File I/O Examples¶
This section presents three mini-projects that synthesize multiple I/O concepts: pathlib for path management, with for safe resource handling, error handling for robustness, and csv/json for structured data.
Mental Model
These examples show how individual I/O skills combine into real programs. Each mini-project follows the same pattern: open input, process data, write output, handle errors. Seeing the full pipeline from reading to writing helps you connect isolated concepts into practical workflows.
1. Config-Driven Text Processing¶
This mini-project reads a JSON configuration file that specifies an input file, an output file, and a processing mode.

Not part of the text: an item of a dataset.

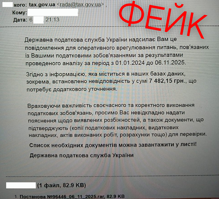 ДПС в Одеській області звертає увагу щодо розсилки фейкових електронних листів нібито «від імені Державної податкової служби України про оперативне врегулювання питань пов’язаних з податковими зобов’язаннями» з вкладенням у вигляді RAR-файлу, який містить «Постанова_№_96446_06_11_2025.rar», 82.9 КВ.

It then processes the input text file according to the config and writes a summary report.
Configuration file¶
Create a file called config.json with the following contents:
json
{
"input_file": "source.txt",
"output_file": "report.txt",
"mode": "words"
}
The mode field accepts "words" (count words) or "lines" (count lines).
Input file¶
Create a file called source.txt with some sample text:
text
Python makes file handling straightforward.
The with statement ensures files are closed properly.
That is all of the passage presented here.